> **Given information**:
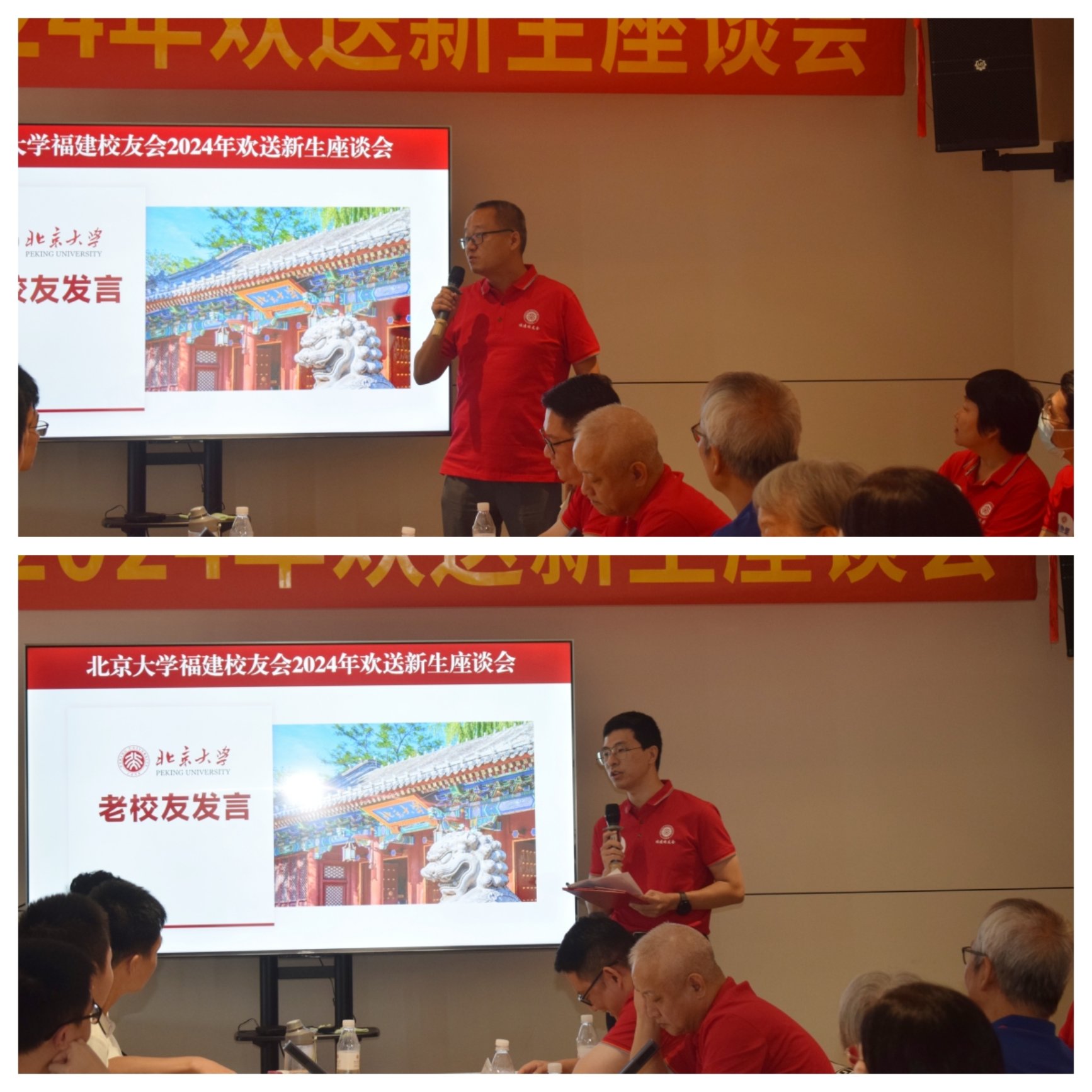随后,新生们逐一做自我介绍,他们充满青春活力、幽默自信,展现了新北大人广泛的爱好与明媚的个性,欢乐的气氛在北大人之家荡漾。5位新生代表分享了各自圆梦燕园的心路历程:郑佳宸同学感慨梦想终于照进现实;陈天天同学期待自由探索学海的无限可能;王恒毅同学呼吁24级新生积极承担新时代背景下北大人的独特角色,引领科研突破与国家进步;即将入读化学与分子工程学院的潘宇辉同学则将八闽大地绵长的山峦化为前行的动力,渴望高峰之上再创辉煌,将八闽学子之名镌刻在最高学府的长卷中。老校友们不禁为之动容,“生于山海,回归八闽”的福建北大人在此刻见证了梦想相继、血脉相承、校友相依的思想光华。
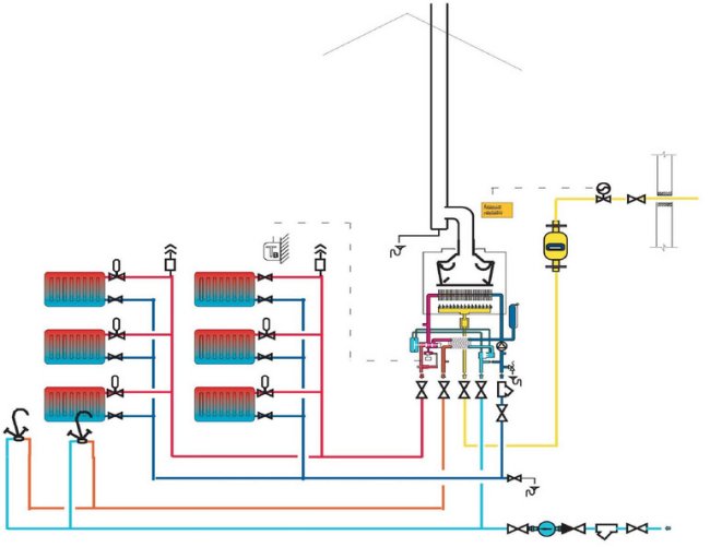 De tels schémas peuvent être utilisés lors de l'installation de chauffage dans des bâtiments de toute taille. Il suffit de choisir une pompe de circulation avec des indicateurs de puissance appropriés et de fournir de l'énergie.
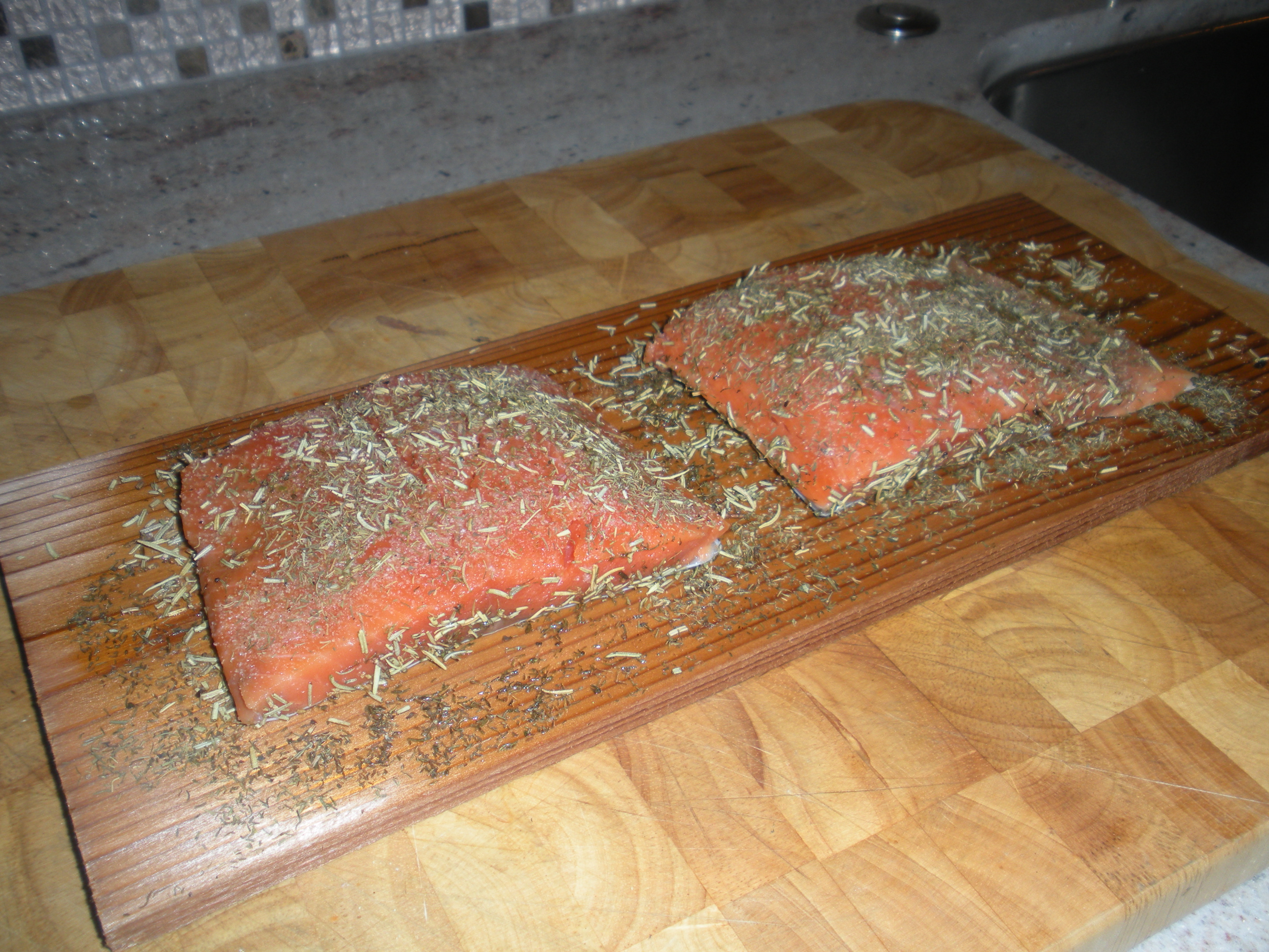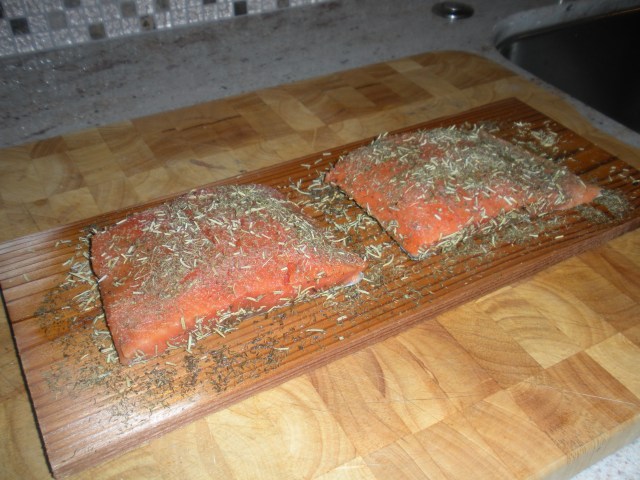 John found some cedar planks at the grocery store and also wild salmon which was frozen but looked pretty good. Here’s the salmon ready to go on the grill.

> **Action item**:
Return all the material exactly, skipping pictures.

> **Your response**:
随后,新生们逐一做自我介绍,他们充满青春活力、幽默自信,展现了新北大人广泛的爱好与明媚的个性,欢乐的气氛在北大人之家荡漾。5位新生代表分享了各自圆梦燕园的心路历程:郑佳宸同学感慨梦想终于照进现实;陈天天同学期待自由探索学海的无限可能;王恒毅同学呼吁24级新生积极承担新时代背景下北大人的独特角色,引领科研突破与国家进步;即将入读化学与分子工程学院的潘宇辉同学则将八闽大地绵长的山峦化为前行的动力,渴望高峰之上再创辉煌,将八闽学子之名镌刻在最高学府的长卷中。老校友们不禁为之动容,“生于山海,回归八闽”的福建北大人在此刻见证了梦想相继、血脉相承、校友相依的思想光华。
 De tels schémas peuvent être utilisés lors de l'installation de chauffage dans des bâtiments de toute taille. Il suffit de choisir une pompe de circulation avec des indicateurs de puissance appropriés et de fournir de l'énergie.
 John found some cedar planks at the grocery store and also wild salmon which was frozen but looked pretty good. Here’s the salmon ready to go on the grill.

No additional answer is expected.